Я обдумываю его слова. Медленно, словно это что-то мне совершенно незнакомое.
— Какого лагеря? — спрашиваю наконец.
— Девятнадцатого легиона, — говорит Цейоний. Он удивлен. — Вы не ранены, легат?
— Нет, — говорю я. — Кажется, нет.
На самом деле я не знаю.
У старика в волосах застряли куски цветной штукатурки. Я протягиваю руку и убираю их — один за другим. Бросаю в сторону. Они падают на пол и разбиваются. Синие и красные… Синий — цвет смерти.
— Легат?
Я поднимаю голову. Префект лагеря Цейоний все еще здесь и продолжает болтать:
— Мне жаль, легат. Мои люди оцепили дворец. Убийца не уйдет далеко, я обещаю. Вы в порядке?
Я моргаю. Глаза болят. В левом — словно застряла крошечная пружинка. И дергается. И вместе с ней дергается веко.
Потом я понимаю, что должен что-то сказать.
— Спасибо, префект.
Я с усилием поднимаю непослушное тело Тарквиния, оно выскальзывает. Большое. Словно я рыбак, пытающийся вытащить на берег слишком крупную для себя рыбу.
Уснувшую.
— Помогите мне, — говорю я. — Ну же! Кто-нибудь!
Цейоний кивает, два преторианца подбегают ко мне, помогают поднять Тарквиния и положить на кровать. Теперь он лежит спокойно. У него белые, очень белые руки с синими прожилками вен.
Синий — цвет смерти.
Я выпрямляюсь. Поправляю руку старика, чтобы она лежала рядом с бедром. Она большая. Его ладонь. Я вдруг понимаю, что забыл сказать ему… Тарквинию… Важное. Наверное, важное.
— Эй, старик. Старик!
Молчание. Тишина в эфире. Нам так недосуг всегда. Поэтому тысячи слов — важных — остаются несказанными.
Я помню, как сидел у него на плечах, когда праздновали сатурналии. Мимо нас шли мимы… кривляющиеся, шумные… Я был тогда совсем маленьким.
Я закрываю глаза. Сейчас я проснусь, и все будет по-прежнему.
Черта с два.
* * *
— Поймали! Поймали! — кричит раб. Пробегает мимо меня — с факелом в руке. Все в доме Вара знают, что случилось. Да весь город, наверное, тоже знает.
— Вам что-нибудь нужно, легат?
Я открываю глаза. Передо мной стоит знакомый преторианец. Один из тех, что был со мной в лагере Семнадцатого.

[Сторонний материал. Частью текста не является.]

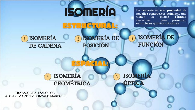 La isomería es una propiedad de aquellos compuestos químicos, que tienen la misma fórmula molecular pero presentan estructuras químicas distintas.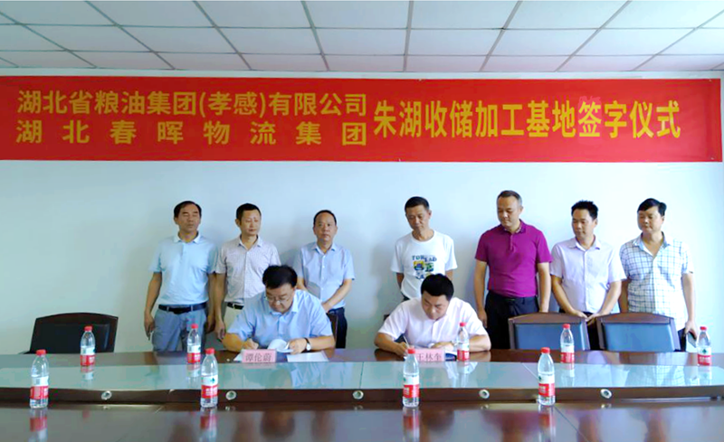 為加強國企與民企合作,謀劃產業區域布局,8月30日上午,湖北省糧油集團(孝感)有限公司與湖北春暉物流集團簽訂租賃朱湖收儲加工基地合同。湖北省糧油集團總農藝師兼孝感公司副董事長、總經理王林奎與湖北春暉物流集團董事長譚倫慰代表雙方簽約。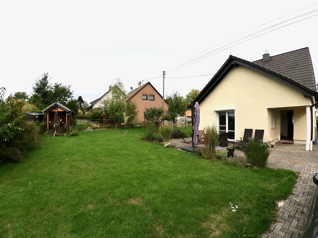Für Fahrräder, Gartengeräte usw. finden Sie im Garten einen Geräte-Schuppen vor.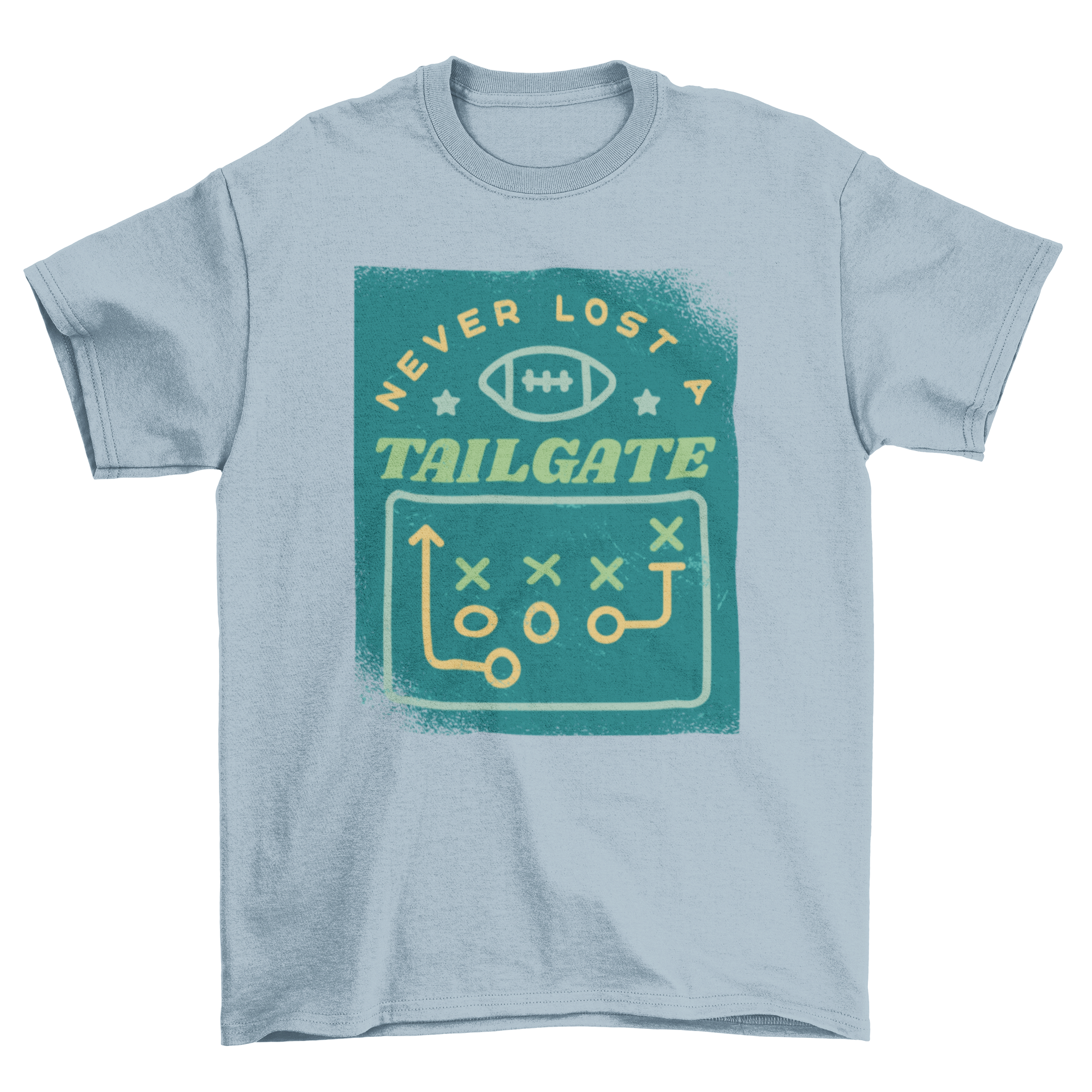The standout feature of this American football sport t-shirt is its eye-catching design. The diagram of football positions is not only a conversation starter but also a great way to show off your knowledge of the game. The quote, "Never lost a tailgate," is printed in bold letters, making it clear that you’re a true fan who knows how to enjoy the pre-game festivities.

Я выпрямляюсь. Хватит, Гай. Пора брать себя в руки.
— Вызовите сюда старшего центуриона Тита Волтумия. Он должен быть в городских казармах у главных ворот. Скажите ему: он мне нужен.
Преторианец смотрит на меня, затем молча кивает и уходит. Я слышу его удаляющиеся шаги… Оглядываюсь.
Везде факелы. Желтые отсветы мечутся по саду — мертвому саду. Пламя светильников.
Преторианцы и легионеры Цейония сейчас обшаривают окрестные улицы. Разбуженный Вар — возмущенный Вар — уже не возражает против обыска среди ночи.
В доме римского наместника совершено преступление. Это скандал. Да, убит всего лишь раб (в голове эхом: всего лишь раб, всего лишь…), но мог погибнуть и кто-нибудь из римских граждан. Или даже сам Публий Квинтилий Вар. Это никого не обрадует. Вар представляет Божественного Августа в провинции. У него даже есть ликторы, целых шесть. Поэтому он должен заботиться о своей репутации.
Я смотрю.
Преторианцы носятся так, словно их ошпарили.
* * *
Я провожу ладонью по сухой, словно пергаментной коже Тарквиния. Ненужная, запоздалая нежность… Прости, старик.
Я не видел Луция мертвым. Вернее, я видел его тело — но тело уже забальзамированное, подготовленное к похоронам. С ним поработал опытный мастер. Даже щеки подкрашены для эффекта. Розовый цвет лица.
Розоволицый.
От этого Луций казался еще более мертвым. А Тарквиний выглядит живым. Но он тоже мертв.
«Я отправлю тебя в пекарню, старик».
«Я не хочу есть, не хочу пить. Оставь меня в покое!»
Проклятое ощущение несправедливости…
В горле першит. Однажды, когда я был в Греции и мы гуляли по красным дорожкам, усыпанным засохшей хвоей, учитель спросил: что такое скорбь? Кто-нибудь может мне ответить?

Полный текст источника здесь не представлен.